Balraj Shoan was sanctioned by the Canadian Radio-television and Telecommunications (“CRTC”) following an investigation into allegations that he was harassing a fellow colleague. In response, Mr. Shoan applied for judicial review on the grounds that the investigation was not conducted in a fair manner. The Court sided with Mr. Shoan, but by that point he had already lost his appointment as the Commissioner for the Governer in Counsel (“GIC”).
Mr. Shoan was accused of harassment by a fellow employee. Following a formal investigation by an impartial third-party, the Chairman and CEO, Jean-Pierre Blais, adopted 5 measures recommended in the investigative report, which included:
- that Mr. Shoan copy the CEO on all emails that he initiates and sends to the Communication staff, except for those sent to the Administrative Officer in Toronto;
- that Mr. Shoan coordinate all calls made to the Commission staff through the CEO’s office, again, except those made to the Administrative Officer in Toronto;
- that Mr. Shoan refrain from any communication with Ms. Cliff;
- that there are no changes to the open dialogue that takes place between Mr. Shoan and the staff during certain meetings;
- and that a copy of the report be sent to the Minister for her review and consideration for any further action.
In response, Mr. Shoan applied for judicial review on the following grounds:
- that the CRTC didn’t have jurisdiction to investigate the complaint and impose measures because Mr. Shoan is a Governer-in-Counsel appointee and not technically an employee of the CRTC;
- that the investigation was not conducted in a fair manner; and
- that the ultimate finding and the imposition of corrective measures were unreasonable.
This review will focus only on the second allegation made by Mr. Shoan.
The Court found that the investigation had been conducted improperly because the investigator failed to maintain an “open mind” during the investigation, and further because the Chairman who was responsible for deciding the ultimate sanction was also a witness in the investigation. When determining whether an investigation is conducted properly, the court must ask whether “the investigator maintained an open mind, that is whether the investigator has not predetermined the issue.” It’s important to note that this test is different from that applied to a review of an adjudicative decision, which requires asking whether there was a reasonable apprehension of bias.
Courts will look to the process of the investigation and to statements made by the investigator during the investigation for evidence of a “closed-mind.” Evidence of a closed-mind in other cases has been deduced from unequal treatment of a complainant and a respondent throughout the investigation. Mr. Shoan and numerous witnesses attested that the investigator had exhibited signs that they had pre-determined the guilt of Mr. Shoan prior to the conclusion of the investigation. Mr. Shoan attested that the investigators had been overly argumentative towards him, that they interrupted him repeatedly during questioning and that they would openly frown and shake their heads. This evidence was bolstered by Mr. Shoan’s Preliminary Statement of Facts where he raised concerns regarding the investigators’ independence, and by further witnesses who attested to having gotten the same impression from the investigators. The investigator failed to file an affidavit (a sworn statement) denying any of the claims suggesting bias. Further, the investigator failed to provide notes taken during the investigation. While the Court did not draw an adverse inference from failing to provide these notes, it certainly didn’t help. Further, the investigator began inquiring into whether Mr. Shoan had created a toxic work environment, which was never alleged by the complainant. The investigator’s report further made unsubstantiated conclusions to the effect that Mr. Shoan was untrustworthy.

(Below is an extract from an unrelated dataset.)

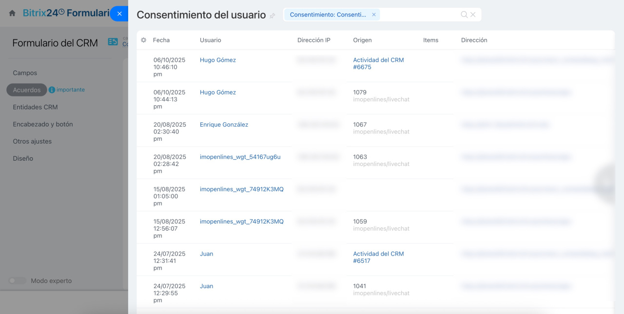 - Los consentimientos se almacenan en el CRM en una lista independiente, que incluye la fecha, IP del cliente, fuente y página donde se confirmó el consentimiento.

The weight of all this evidence pointed to the conclusion that the investigation was conducted improperly, therefore tainting the sanctions imposed on Mr. Shoan. Usually, in situations like these, the Court will send the matter back to the internal resolution body to be re-investigated. However, in this instance, Mr. Shoan had already had his appointment to Commissioner rescinded by the Governer-in-Counsel. Nevertheless, the court awarded Mr. Shoan legal costs in the amount of $30,000.
It is imperative to conduct allegations of workplace harassment in an impartial and objective manner. Specifically, it is important for investigators to be cognizant of the fact that their statements and conduct during the investigation process could be open to scrutiny. Investigators must also be careful to avoid jumping to conclusions until a full investigation has been completed and to treat the complainant and respondent equally throughout the investigation. Further, it helps if the investigator maintains detailed notes throughout the investigation in case they need to support their conclusions. In general, it is advisable for investigators to use measured language in their reports so as to prevent any impression of partiality. In this specific case, it didn’t help that the investigator failed to officially refute any of the allegations by providing a sworn affidavit to that effect.